Subsequent to that, there were Stephen Pate and Carey Hall. Following the 1991 world cycling championships, they also returned positives for anabolic steroids. Again, the Australian Professional Cycling Council, the APCC, put a two-year professional ban on those two athletes. They appealed that ban using the Tutty rugby league case of earlier years. I think it was about 1971 when that came up. They said that this was an unreasonable restraint of trade. They could have lost up to $200,000 a year in income because they could not attend the world championships: cyclists have to compete in Australia to qualify for the world championships. It was taken to court where it was argued that the international counterpart, the Union of Cyclists Internationale, the UCI, had imposed a lesser ban on them than the cycling body in Australia had. They argued that, because the UCI had imposed a lesser penalty, they should also have a lesser penalty imposed upon them out here. Because the APCC did not have a lot of money to fight this case, it was eventually forced into an out-of-court settlement.

There was also a very similar case to that in 1991 involving a fellow called Robertson. He also turned up positive to a steroid. Again, correctly, I believe, the Australian Professional Cycling Council put a two-year ban on him competing in Australia.

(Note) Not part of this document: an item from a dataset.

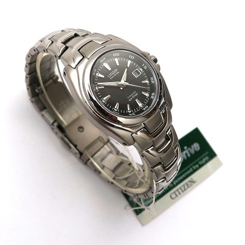 Citizen Eco Drive damearmbåndsur, ref. nr. EW0910-52E i urkasse og med foldelænke af stål. Sort struktureret skive bag mineralglas med stregindikation, central sekundviser og datovisning i #3 position. Eco Drive Quartzværk med lysgenopladelig batteri. Urkasse diameter 32 mm. Brugsmanual medfølger.
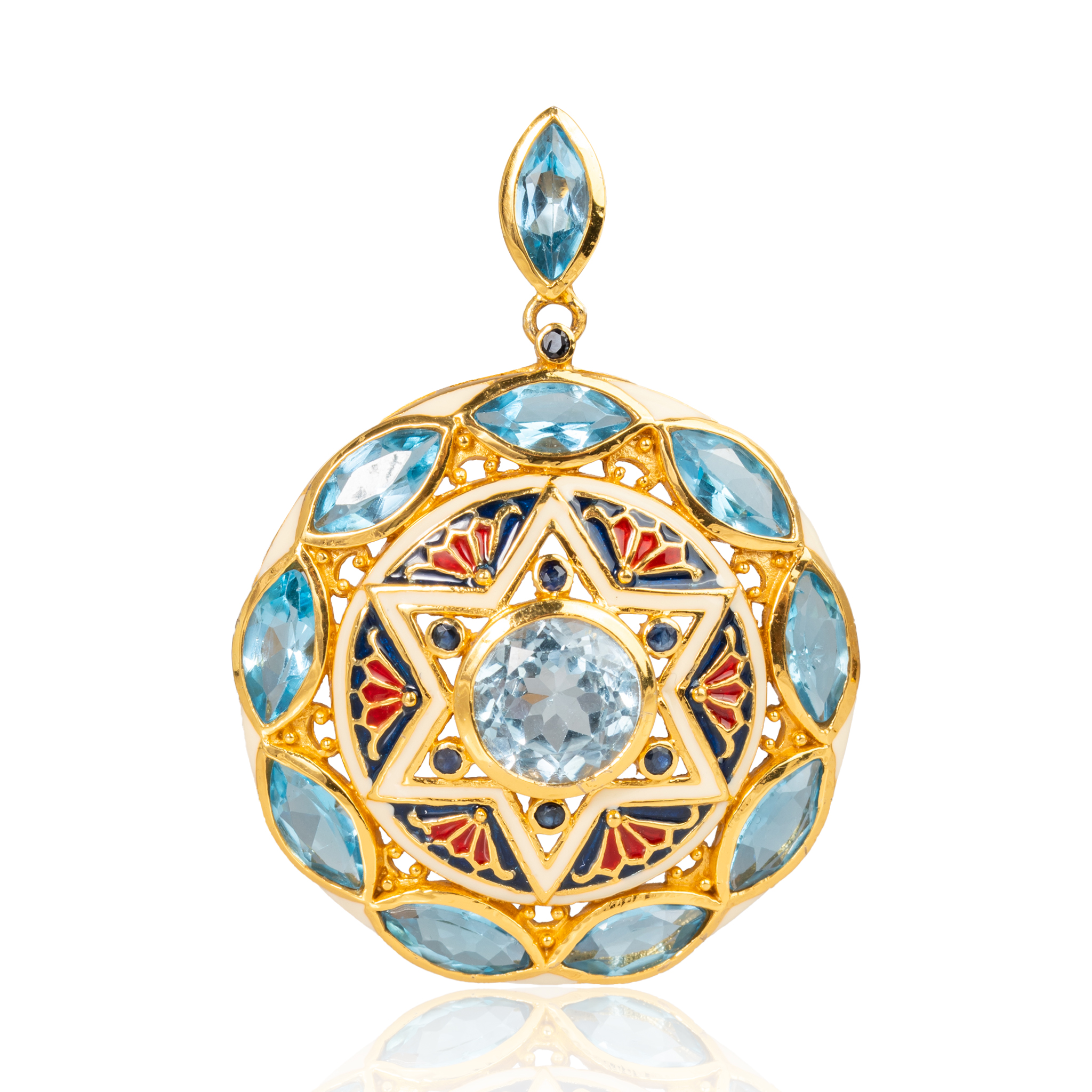 Sterling silver jewelry with 22k gold plated, natural stone and enamel.

After a long, drawn out battle of appeals, our cycling body here, strapped for cash, could not afford the lawyers and, again, had to cave in. That was most unfortunate. I know we have budgetary restraints but it is a terrible position when our sporting bodies, doing the right thing, are forced into this sort of situation where they cannot fight this in the courts.

I hope the minister will be addressing that particular aspect. We cannot place too high a priority on getting drugs out of sport in Australia, and in getting consistent protocols, procedures and links between Australia and other countries around the world. We need to have standardised and uniform drug testing procedures and penalties in as many countries around the world as we can. We need to do that through the proper international forum, such as the IOC, so that we can cut out all this nonsense of technicalities and appeals. The sooner that is done, the better. The sooner athletes can compete against each other on an equal footing, and not on an unequal chemical footing, the better it will be—not only because of athletes but also because of human rights.

I commend the work that the minister has done on this bill. I compliment the opposition for supporting this bill in the manner that it has. I hope Australia can continue to move forward as a world leader in this particular area. We can hold our heads up high. We can lead the way and say to the rest of the world, and to those that may be dragging the chain a little—China, for instance—that this is something that we place a very high priority upon indeed.